SteveS,

Yes we talk in absolutes here because to do other is to mind-read, and mind-reading will get you no where. After BD it is safest to assume that your spouse is 100% done and then to act accordingly. To not do that means you will sabotage you DBing efforts in the name of not realizing the seriousness of her desire to leave.

A few months back I wrote a long post about the thoughts, attitudes, and timing that leads up to BD. The problem for most LBSs is that things were going along pretty well until BD. Then BD hits and they think every thing changed. This is a misconception. The truth is that while you thought everything was going along well, behind the scenes she was unhappy and looking for an escape route LONG before BD. The only thing that changed on BD was your knowledge of how truly unhappy she was, and your knowledge of the fact that she has been looking for an exit. Usually that takes about a year before a WAW will verbalize that desire. It takes them a long time because they are not sure, and they don't want to hurt their LBH. But rest assured, she is more done than not, and to treat her as anything other than 100% done risks applying pressure and pursuit that will push her to 100% in no time.

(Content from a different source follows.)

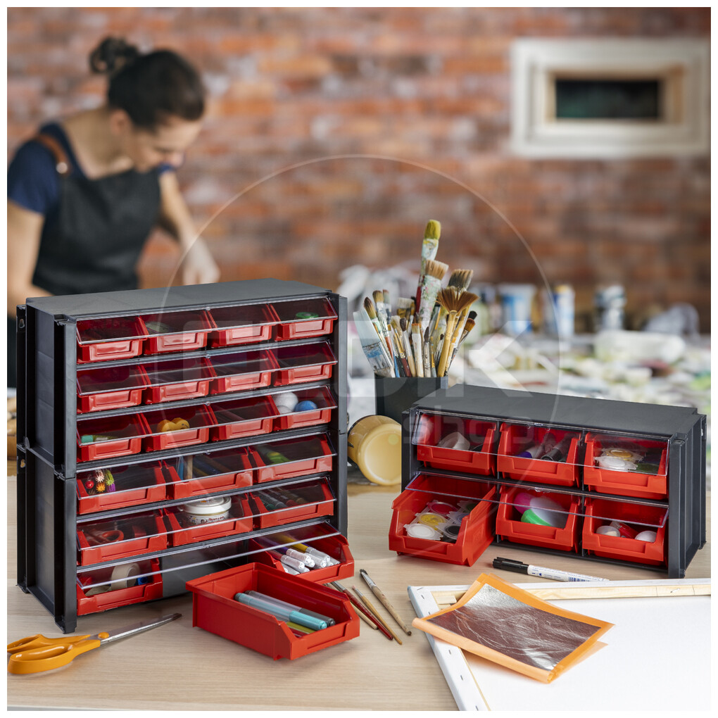 - Transparante klep per bak – beschermt de inhoud en houdt alles netjes op z’n plek

If you need to believe she is less than 100% done to have hope, then believe it. As long as you are realistic that she is likely well over 90% done, like 98% or higher. WAWs typically do not initiate BD until they are that sure they are done.

In my sitch, I realized something had changed and I initiated BD. But even my case she was probably at 95% minimum of being sure she was done.

Don't delude yourself, the chances are you will be getting a D. DBing gives you the best chance at turning it around, but there are no guarantees.

Last edited by Steve85; 06/17/19 02:54 PM.